On the occasion of its fifth anniversary the ECB Shadow Council met in London. The Council voted in favour of unchanged interest rates with a majority of 13 votes. Six members voted in favour of an immediate rate cut of 25 basis points to 3.75 percent. All but one member of the majority expressed some form of bias toward lower rates. There was near unanimity that the ECB should remove their own rate hike bias in their communication.
Many members have become significantly more sceptical regarding the economic outlook of the euro area since last month. The average forecast for growth next year declined to 1.7 percent from 1.9 percent previously. On the other hand, the average inflation forecast for 2008 also went to 2.2 percent from 2.0 percent previously.
|CONSENSUS FORECAST OF THE ECB SHADOW COUNCIL (Last month's forecast in parentheses)|
|Year||HICP-Inflation in %||GDP-Growth in %|
|2007||2.1 (2.0)||2.6 (2.6)|
|2008||2.2 (2.0)||1.7 (1.9)|
Forecasters: J. Alzola; L. Buttiglione; J. Cailloux; J. Callow; S. King; J. Escrivá; J. Fels; M. Heise; T. Mayer; V. Riches-Flores; J.M. Six
Five forecasters have assumed that the ECB key rate will remain at 4.0 percent for the next six months, four have assumed a rate cut to 3.75 percent.
The discussion was dominated by the economic outlook. Where was a broad consensus that inflation would come down again after the current spike to around three percent. Still, some members argued that it was not advisable to cut interest rates, at a time when actual inflation was running so clearly above target. These members feared that such a move might call the inflation fighting resolve of the ECB in question.

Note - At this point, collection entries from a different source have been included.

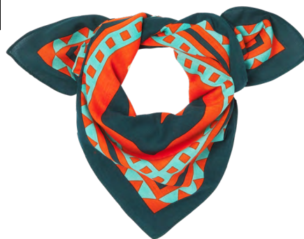
WBC03 Paola - Orange
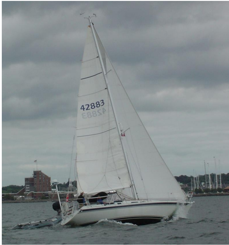
1988 Ericson 32-200, Luna
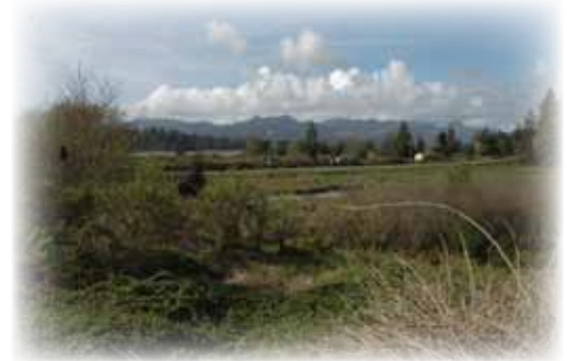
ZIMMERMAN MARSH
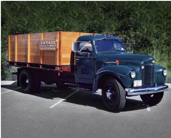
The first Savage truck from 1946
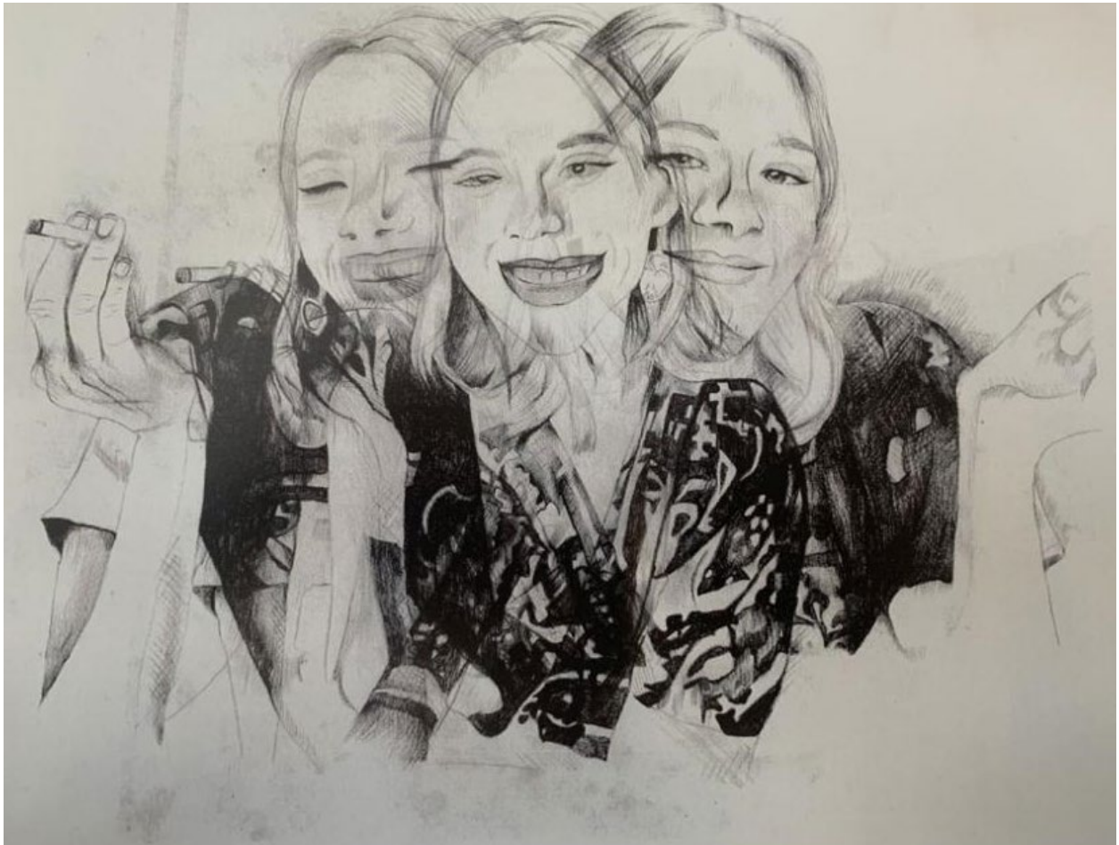
Olivia Foulston (n.d.) Sketchbook Pages
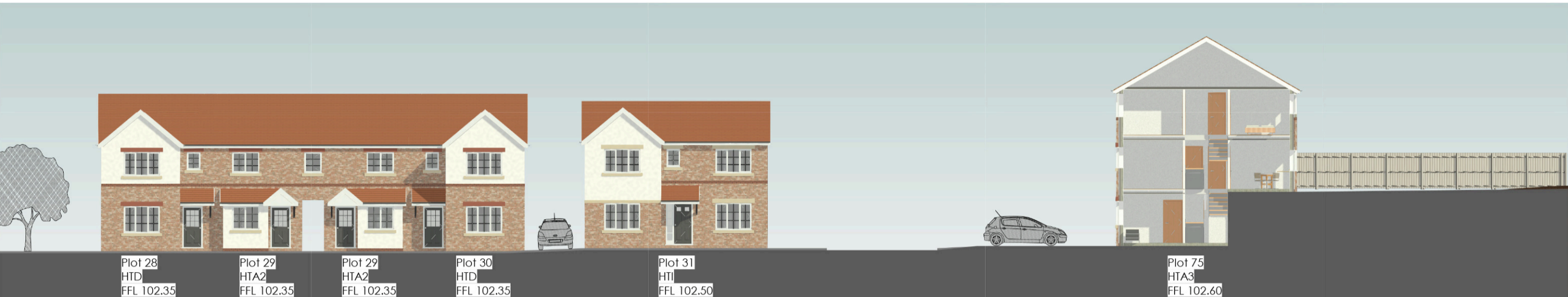
03 Section CC - Plots 12, 27 - 31 1 : 200
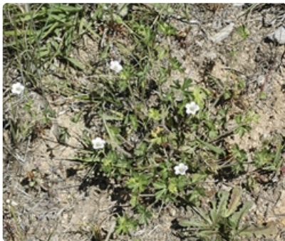
Flowering plant. Scottsdale Bush Heritage Reserve near Bredbo
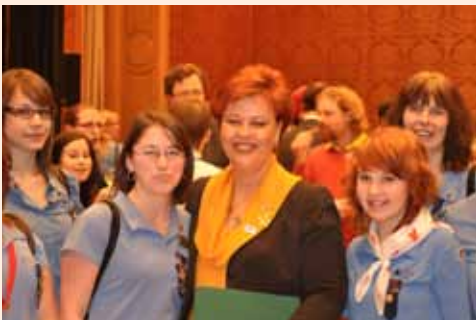
Alexandra Mendes, MP, Brossard-LaPrairie sponsored the event on Parliament Hill. Justin Trudeau celebrates with some of our girl Members.

In March, our 100th anniversary celebrations touched down in Ottawa with our 100 on the Hill event. Girls had the chance to tour the House of Commons before participating in a special reception recognizing GGC for 100 years of helping Canadian girls become confident, courageous and resourceful leaders. Among the guests were the Speaker of the House, Senators, party leaders and MPs.
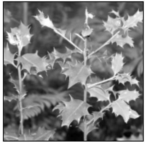
A Holly is becoming widespread throughout forest understories in the Puget Trough, crowding out native, less aggressive species.

Yes, it lights the freeway, but it also blights the forest. Introduced as an ornamental
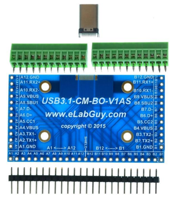
Figure 1: Parts inside the kit (Note: the module is not assembled, user can decide which connector to use on the module.)
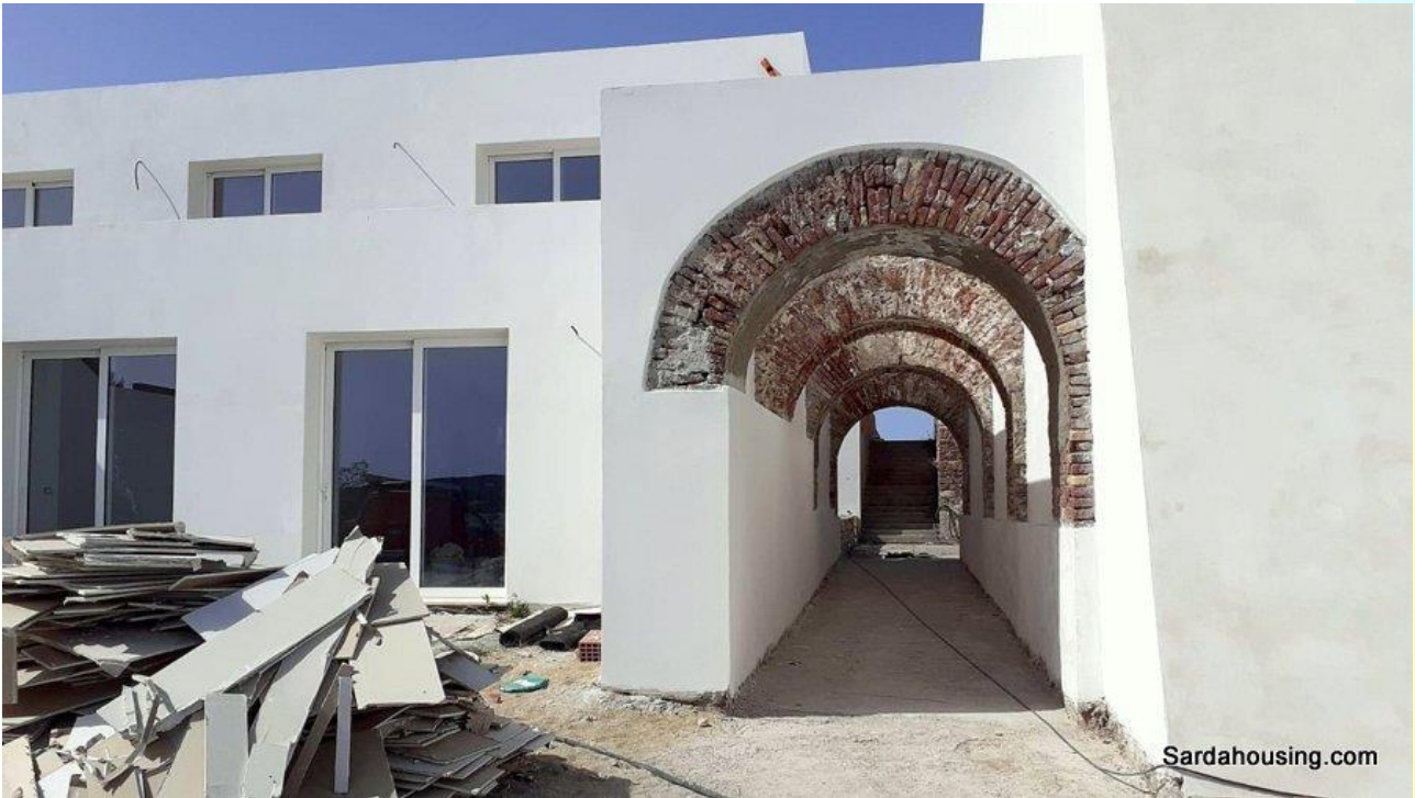
11 - Carloforte – Isola S. Pietro – Buildings Le Colonie
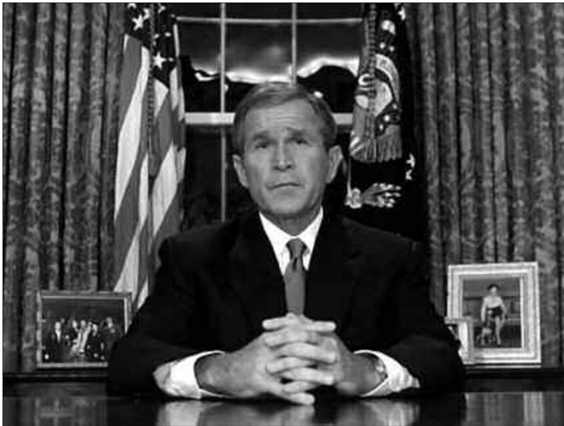
George Bush during the first official communication on 11-S attack

Everything indicates that this New Pearl Harbor was the 9-11 attack which, as we will see later on, a great number of people had anticipated. The founder of the Red Voltaire web page, Frenchman Thierry Meyssan, was first in the world who dared defy the official version, backed up by endless repetitions of airplanes crashing into the towers. He was the pioneer who first analysed the hole left
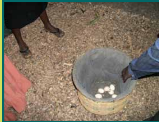
Fireless cooker basket used to hatch Eggs
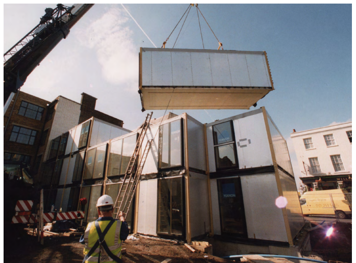
Murray Grove, Cartwright Pickard. Hoxton, London. Construction detailing of the ground floor requires particular attention in volumetric projects as the floor construction itself is at or below ground level and potentially vulnerable to water ingress and thermal bridging (cold spots where the insulation is not continuous).
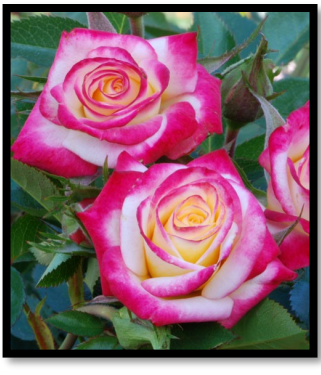
2020 M/MF Hall of Fame 'Dancing Flame' - Miniature Hybridizer: Robbie Tucker
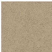
Western Suede 4871-60
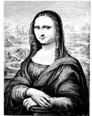
Mona Lisa (Leonardo da Vinci)

I am an artist; my tool is a brush and I view the world in an artistic way. For example, the Mona Lisa, it is a magnificent work of art painted by a master artist. It must be kept in a museum for safe keeping. The temperature, humidity and even the lighting must be controlled. And because it is so precious it is guarded 24/7.
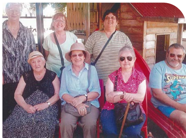
Photo shows a tram excursion to Port Melbourne where we enjoyed a stroll along the beach and a fish and chip lunch.
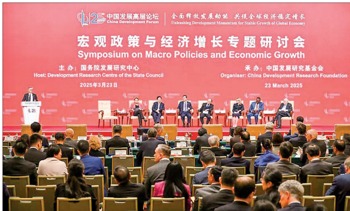
This photo taken on 23 March 2025 shows the Symposium on Macro Policies and Economic Growth of the China Development Forum 2025 in Beijing, capital of China. The China Development Forum 2025 is scheduled from 23 to 24 March. The theme of this year's forum is "Unleashing Development Momentum for Stable Growth of Global Economy."

HEADS of some 80 multinationals including Siemens, Apple, Samsung and Pfizer have flocked to China to seek new cooperation opportunities with the world's second-largest economy.
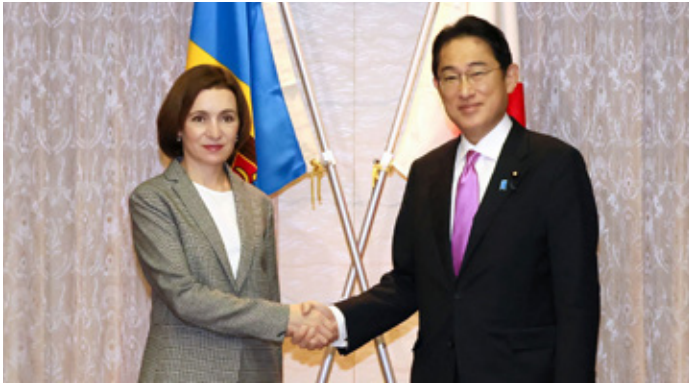
Japan-Moldova Summit Meeting

On December 3, 2022, Mr. Kishida Fumio, Prime Minister of Japan, held a Summit Meeting with H.E. Ms. Maia Sandu, President of the Republic of Moldova, who visited Japan to participate in the World Assembly for Women (WAW!2022). In addition, On December 19, Prime Minister Kishida Fumio held a Japan-Senegal Summit Meeting with H.E. Mr. Macky Sall, President of the Republic of Senegal, who was on an official working visit to Japan. Following the joint press announcement, the two leaders held a working lunch. The two leaders also issued the Japan-Senegal Joint Statement. Overviews of the meetings are as follows:
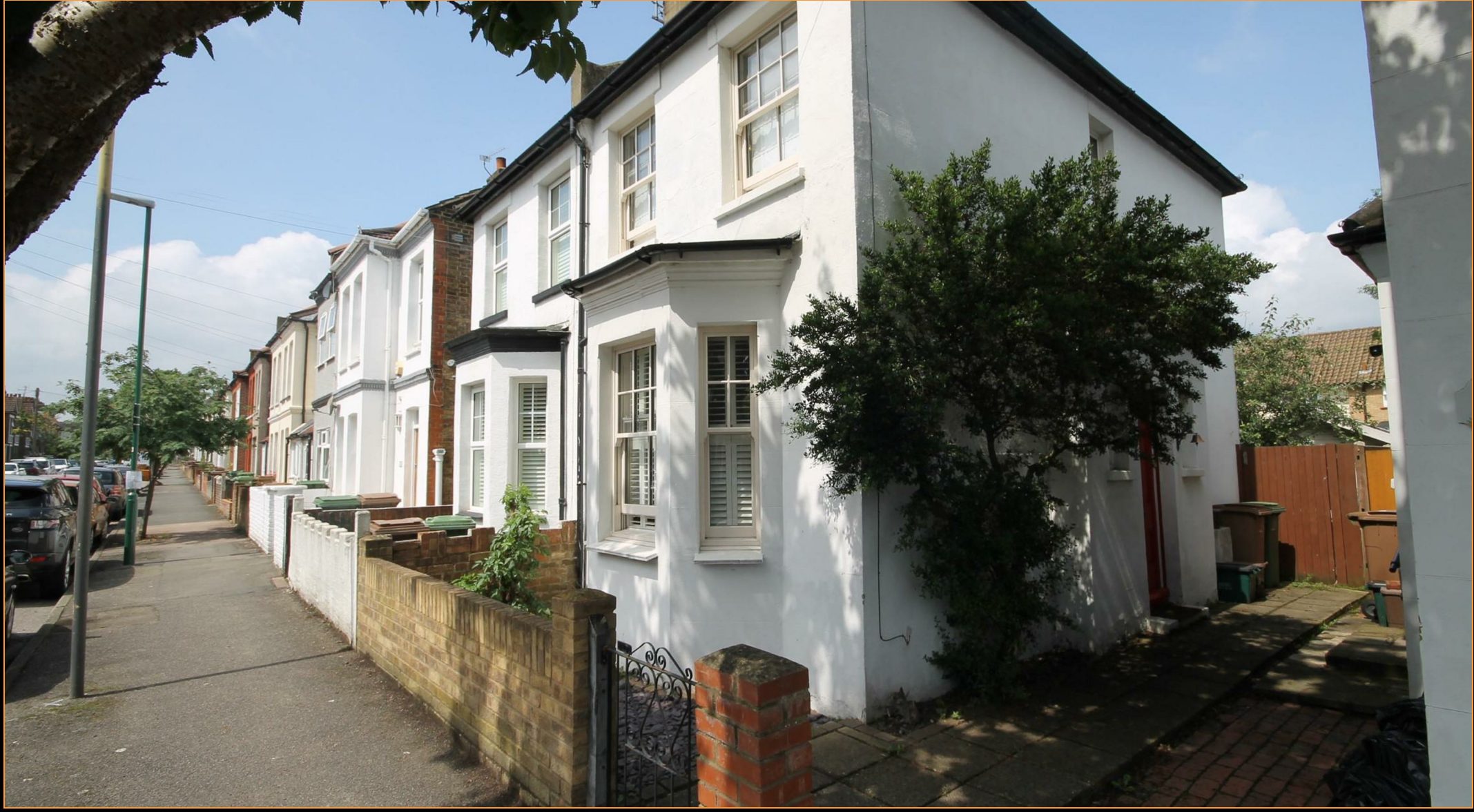
14 Beauchamp Road, Sutton, Surrey, SM1 2PZ
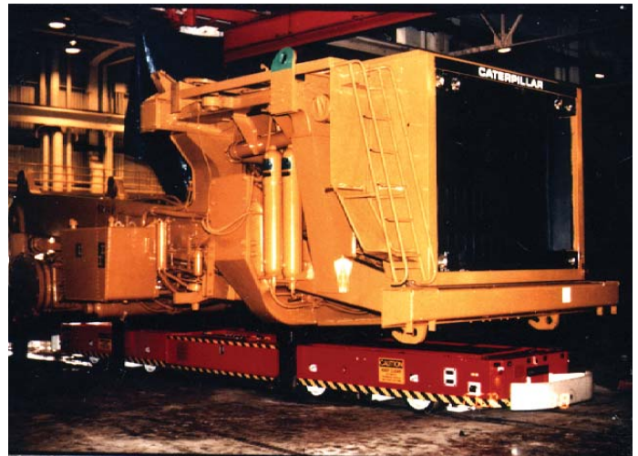
48-Ton Capacity Ultra Low Profile Vehicle Moves Earth Grader and Dump Truck Chassis Between Assembly Operations
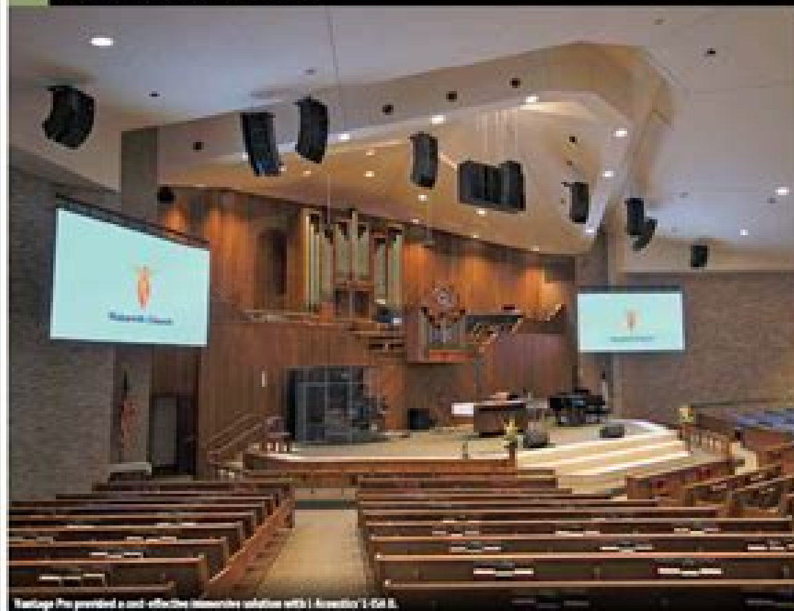
Vantage Pro provided a cost-effective immersive solution with L-Acoustics L-ISA II.

Established in 1871, Nazareth Lutheran Church has undergone various changes over its past 150 years. Like many other houses of worship, one of those updates was a choice to host both traditional choir/organ and contemporary worship services on Sundays to better cater to parishioners' preferences in worship style.
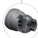
Default probe: DPC1-S
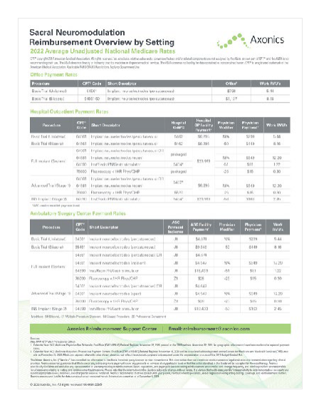
2025 SNM Reimbursement Overview

We offer several resources to provide information related to coding, coverage, and payment for sacral neuromodulation and urethral bulking therapies.
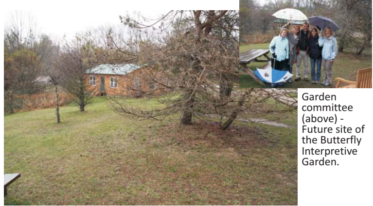
Garden committee (above) - Future site of the Butterfly Interpretive Garden.
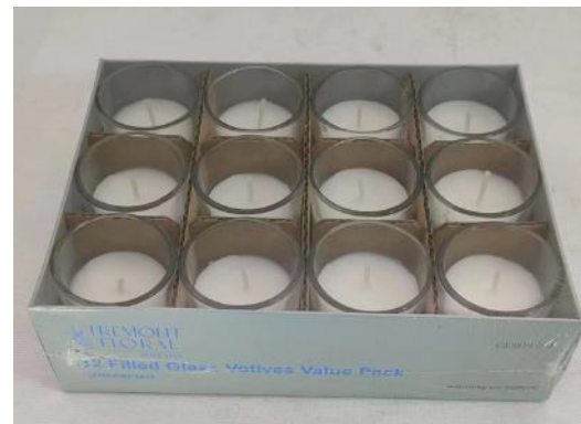
CL5819-003 2.1" HT OF GLASS
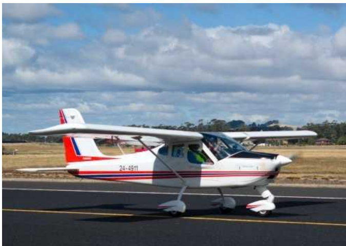
The club Tecnam.

Starting off is easy- just book in for a half-hour trial instruction flight. Fly for approximately 30 minutes with an instructor- during the flight you get hands-on experience flying a state of the art recreational aeroplane.
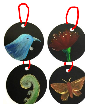
Christmas decorations sample

Members listed a number of factors that would act as brakes to the economic expansion. Those were the high value of the euro, high oil prices, less support form external demand and reduced availability of credit due to the problems of the banking sector.
Many members expressed the view that uncertainty regarding macroeconomic prospects was unusually high currently. Most drew the conclusion that the right thing for the ECB was to wait until the uncertainty has receded. Those who voted in favour of a rate cut argued that uncertainty was mostly concerning the severity of any slowdown in activity, while the slowdown itself was all but certain. These members argued that a rate cut which proved to be unnecessary later could easily be undone, while cutting rates letter would be less effective, if a cut was indeed needed. . Some members suggested that the ECB should try intervention, if possible concerted, to stop the appreciation of the euro. However, others were sceptical, saying that this would not do anything if rate policy was not changed accordingly.
Regarding the ECB’s money market steering activities one member suggested the ECB should narrow the corridor around the minimum bid rate, by raising the rate of marginal borrowing facility from three to 3.5 percent and cutting the marginal lending rate from five to 4.5 percent. No consensus was reached on this proposal, either. Other members preferred the generous provision of short and medium term liquidity.
|INDIVIDUAL VOTES (Recommended rate change in percentage points)|
|Josè Alzola||Citigroup, London||no change|
|Agnès Bénassy-Quéré||CEPII, Paris||cut 25 bp|
|Willem Buiter||London School of Economics and Goldman Sachs||cut 25 bp|
|Luigi Buttiglione||Fortress, London||no change|
|Jacques Cailloux||Royal Bank of Scotland, London||no change|
|Julian Callow||Barclays Capital, London||no change|
|Marie Diron||Ocford Economics||no change|
|José Luis Escrivá||BBVA, Madrid||no change|
|Joachim Fels||Morgan Stanley, London||cut 25 bp|
|Daniel Gros||Center of European Policy Studies (CEPS), Brussels||no change|
|Michael Heise||Dresdner Bank / Allianz, Frankfurt||no change|
|Stephen King||HSBC, London||no change|
|Thomas Mayer||Deutsche Bank, London||cut 25 bp|
|Gernot Nerb||Ifo-Institute, Munich||no change|
|Thorsten Polleit||ECB-Observer, Frankfurt||no change|
|Véronique Riches-Flores||Société Générale, Paris||cut 25 bp|
|Jean-Michel Six||Standard & Poor's, London||no change|
|Angel Ubide||Tudor Investment Corporation, Washington D.C.||cut 25 bp|
|Charles Wyplosz||Graduate Institute of International Studies, Geneva||no change|
* In alphabetical order.
The Shadow Council decided not to follow the ECB Governing Council in extending its membership size to 21. Rather the Shadow Council will reduce membership to 15. Where was broad consensus that a committee of 21 was far too large to allow for efficient decision making.